Mina blockchain currently consists of several components or agent types each with a particular role or function; and all of which depend on either pre-compiled or runtime state in the form of genesis ledgers, wallet keys, static and runtime configurations and intermediary chain states (for syncing with and participating in block production protocols) for example. The infrastructure, however, on which these components are deployed, at least in its existing form, does not support stateful applications in the traditional sense in that state is not persisted across restarts, redeployments or generally speaking destructive operations of any kind on any of the component processes.
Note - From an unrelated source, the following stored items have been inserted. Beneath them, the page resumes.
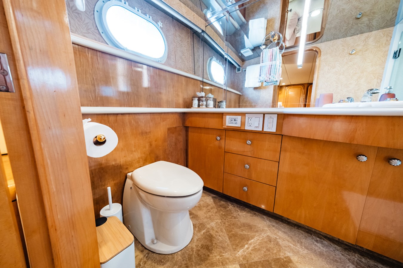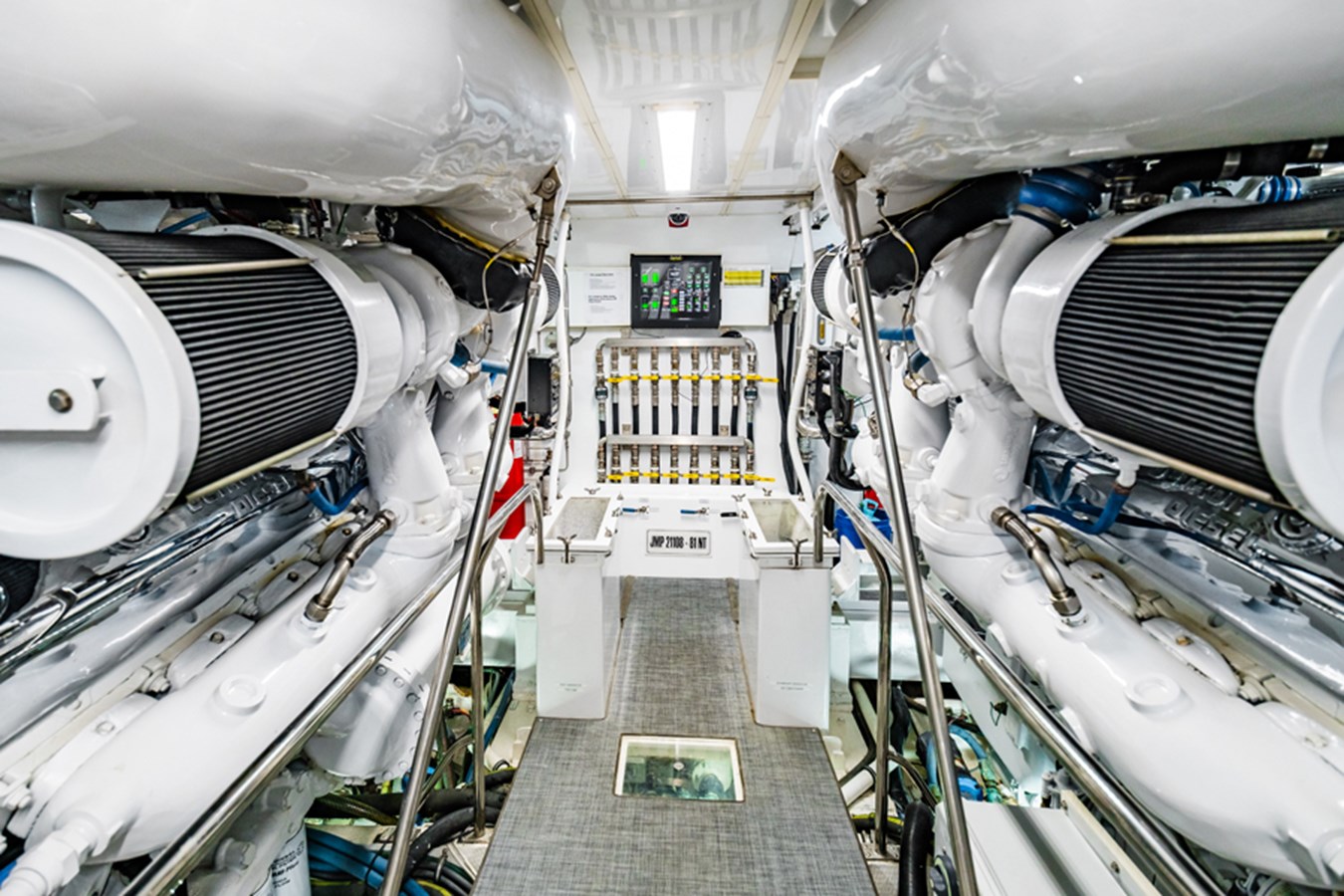 She has the standard five cabin arrangement found in a 40 meter Tri-Deck but sports a brand new interior from the Fall of 2024. The FB layout was dramatically improved under the current ownership with improved access, a walk behind bar and a spa tub.
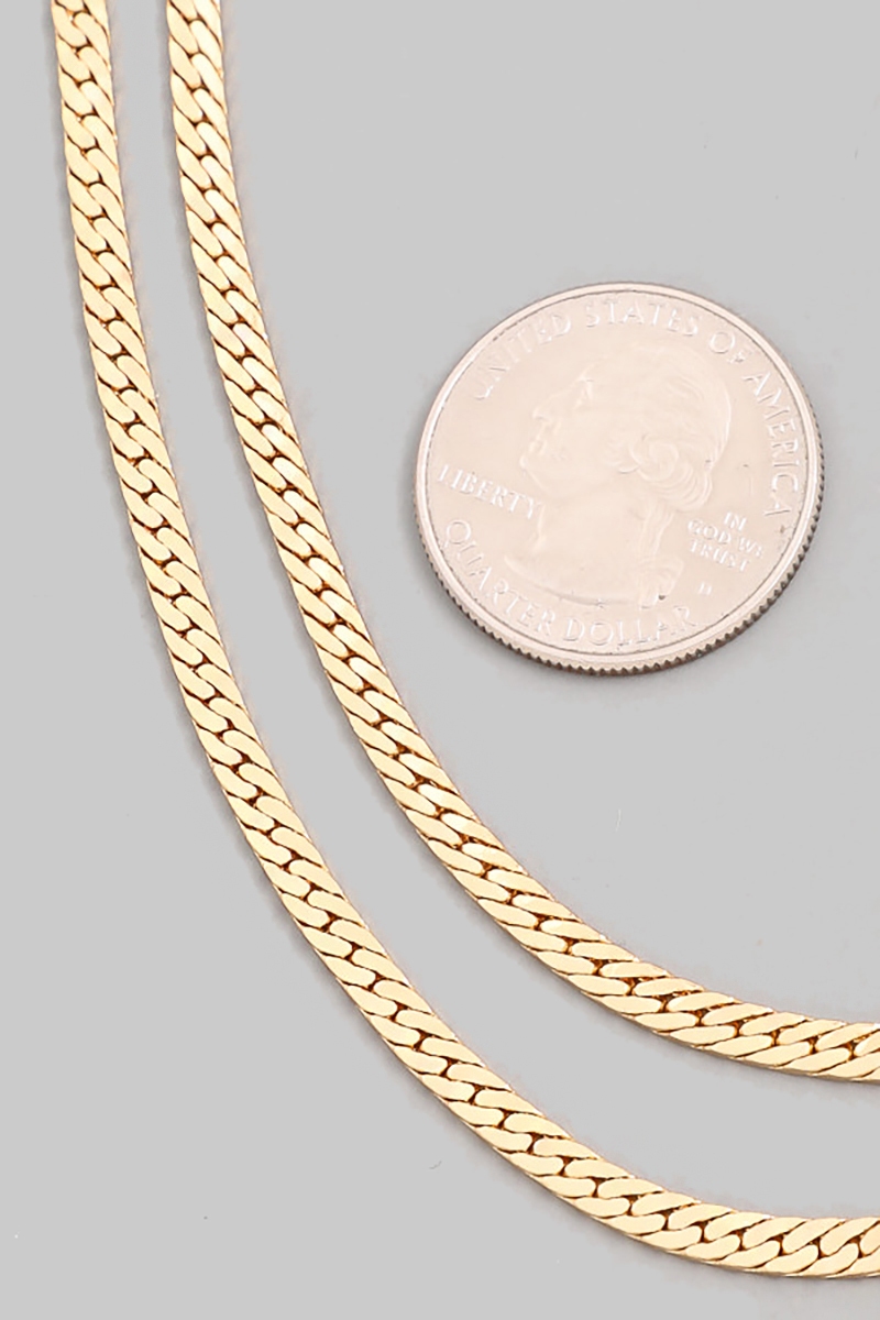 • This chain necklace features a fashionable layered herringbone classic style. Explore a refined sense of style with this chain necklace, seamlessly elevating the chic factor of your look.
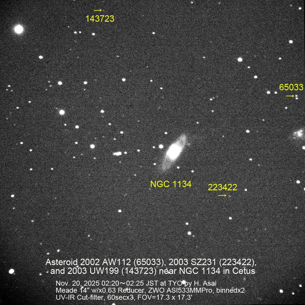 小惑星 2003 UW199 (143723) 画像 2025/11/19 (UT)
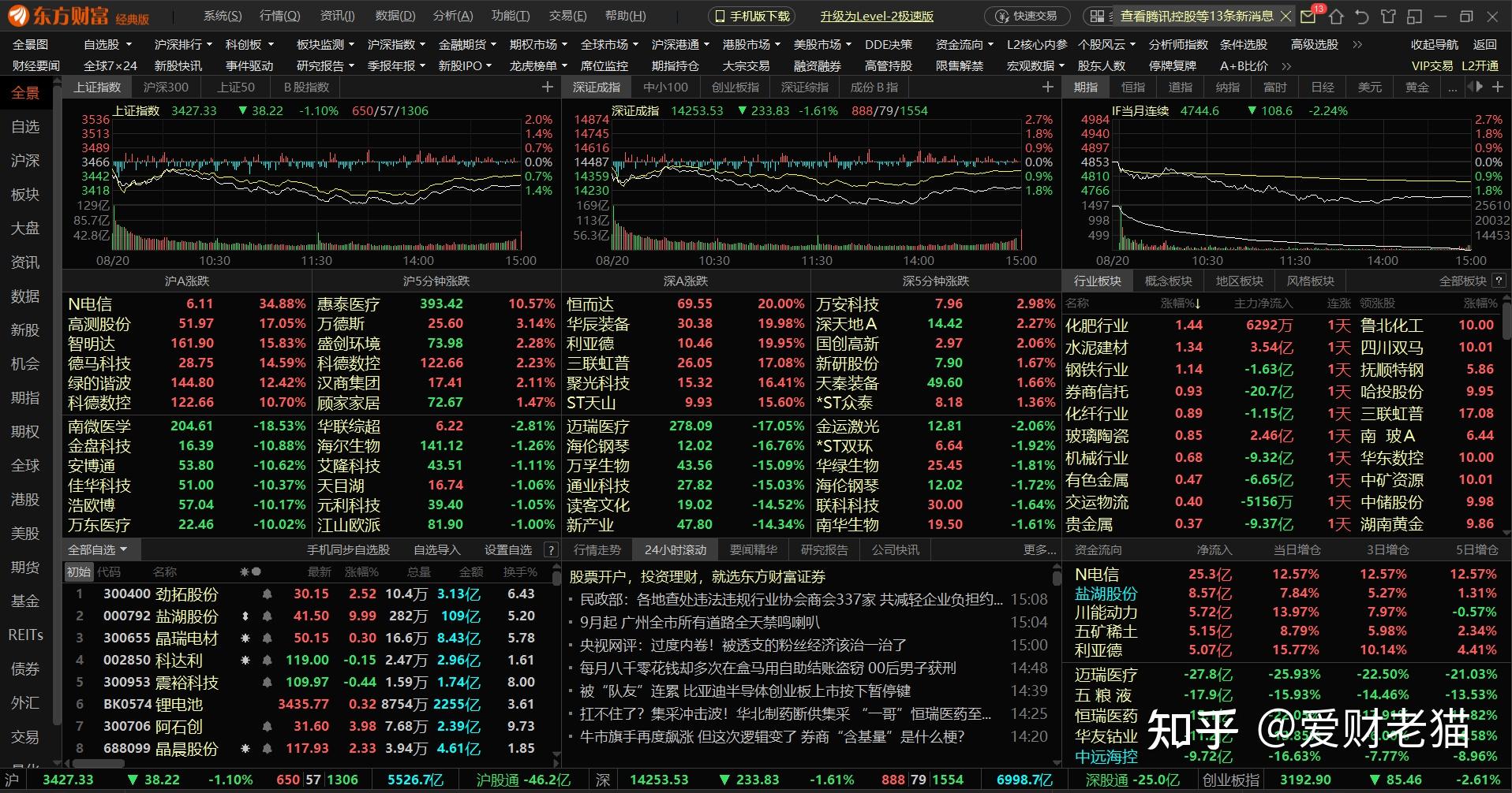 市场上比力出名的是东方财产和同花顺,老猫用得比力多的是东方财产客户端。界面如图所示
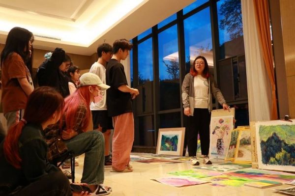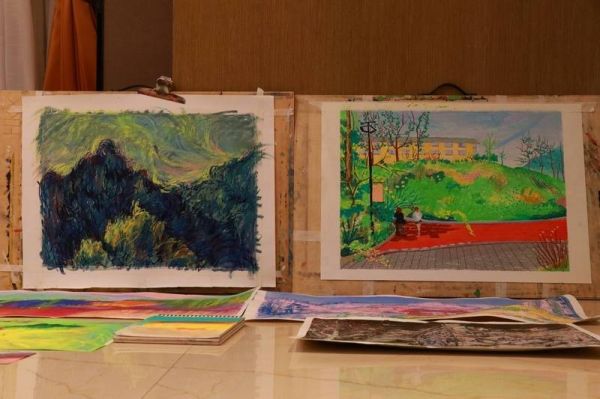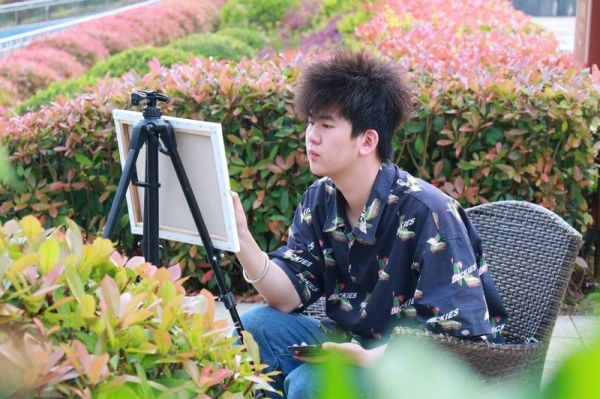 把创意融入生活,把诗意画上画板。雨后天晴的风光更让人惊叹,烂漫的春日,学生们纷纷拿上自己的画板到户外创作,蓝天、白云、和煦的春风与湖面交相辉映,随处可见的美景,他们在绿树下、湖边、廊下……三三两两的交流讨论如何立意构思,认真观察一草一花、一木一石,在画纸上肆意挥洒。

While by design and implementation through the use of k8s emptyDir volumes, historically these two points have resulted in considerable inefficiencies if not blockers in application/code iteration while developers test feature and protocol/product changes, infrastructure adjusts resource and cloud environment settings and/or especially when community dynamics warrant operational tweaks during public testnet releases.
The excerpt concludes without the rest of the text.